Principals should develop a family mission statement outlining explicit values, goals and priorities. Individuals should prepare the statement and read it aloud, then focus on common ground, apply family priorities and achieve consensus, Aronoff said.
Because family businesses are usually run with two or more generations involved, conflicts are typical, Aronoff said. For example, the older generation often uses pay incentives to resolve issues, which is not a long-term solution. In other instances, he said, family businesses are willing to pay their offspring more, simply as a way to keep an eye on what they are doing.
“The older you are, the more conservative you are financially,” Aronoff explained. “The company owner who is 58, 59 or 60 asks, why work hard and take risks? So at that stage family-owned company growth slows or even declines.”
He said the older generation often realizes that the business is declining and just hopes that they will decline faster than he does. When that owner dies, he leaves a wreck for the next generation and it takes them years to build the business back up.
Aronoff advised succession planning, in which there are financial transitions. “Generational conflict in family business is often financial, even when it seems related to other things,” Aronoff explained.
Lifestyles between generations are often out-of-synch, pitting conservatism with next generation entrepreneurship, the older generation is afraid of losing control and becoming dependent, so it is essential to provide security and meet the financial needs of the parental generation.
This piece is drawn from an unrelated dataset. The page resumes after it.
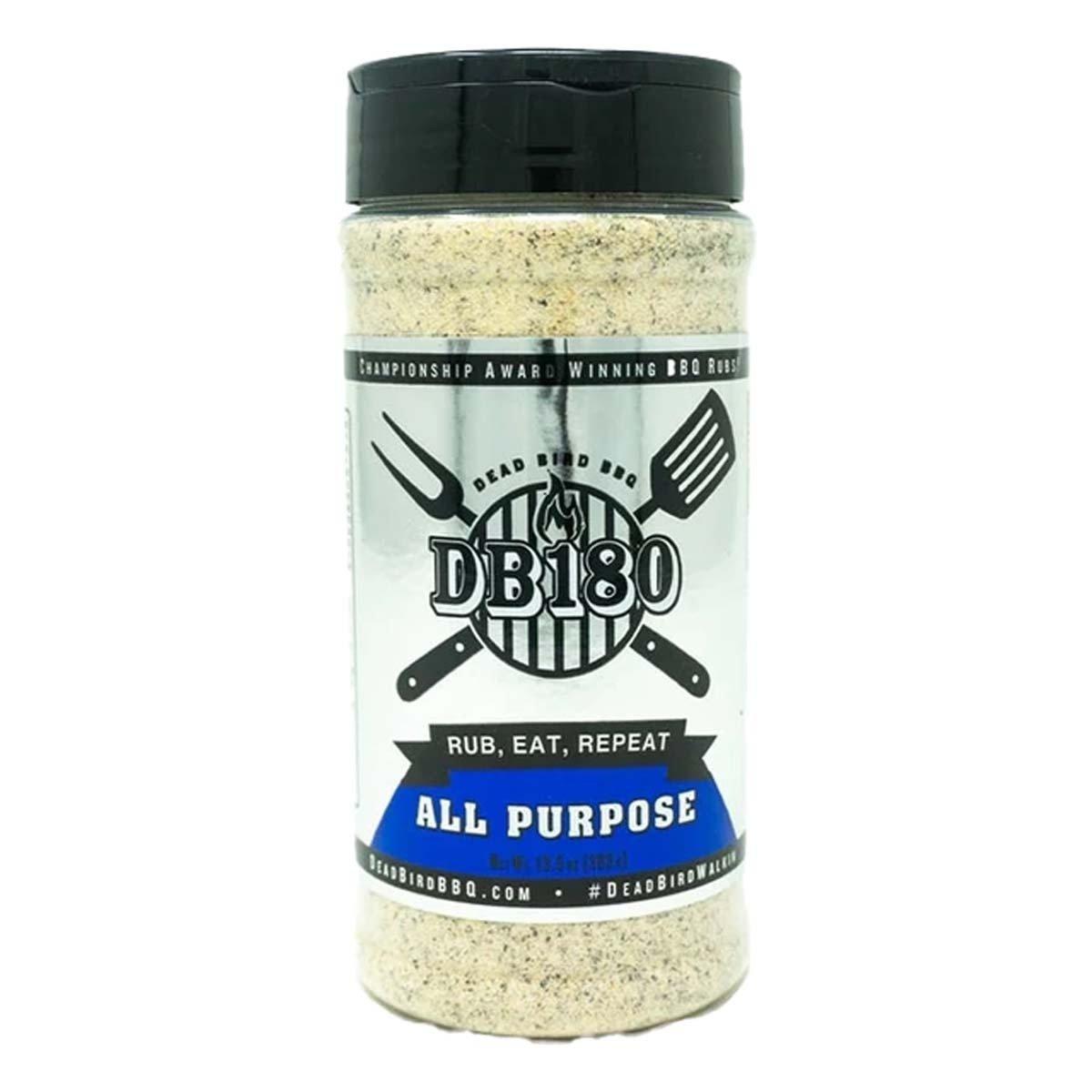 DB180 All Purpose seasoning is designed as a base layer for everything you will cook, and the flavor profile matches up perfectly with all DB180 rubs. Dead Bird BBQ suggests that you use this versatile salt, pepper, and garlic-based rub on anything you wish to season. Best yet, combine it with the other DB180 rubs specific to the meat you are cooking or as a base layer in your current recipe. DB180 (Dead Bird + 180 = perfect score in BBQ) and the DB180 line of BBQ rubs became commercially available. Dead Bird BBQ is one of the most successful new teams in the nation, and using the entire line of DB180 rubs

Aronoff described one business in which a son took over the reins from the father as president 10 years before, but the former president wouldn’t let his son do anything on his own.
It is essential for the older generation and the younger generation to open up lines of communication and to attempt to understand what motivates each other. “The trust factor has two components,” he said. “Low trust means high risk and high cost of capital; high trust means lower risk and a lower cost of capital.”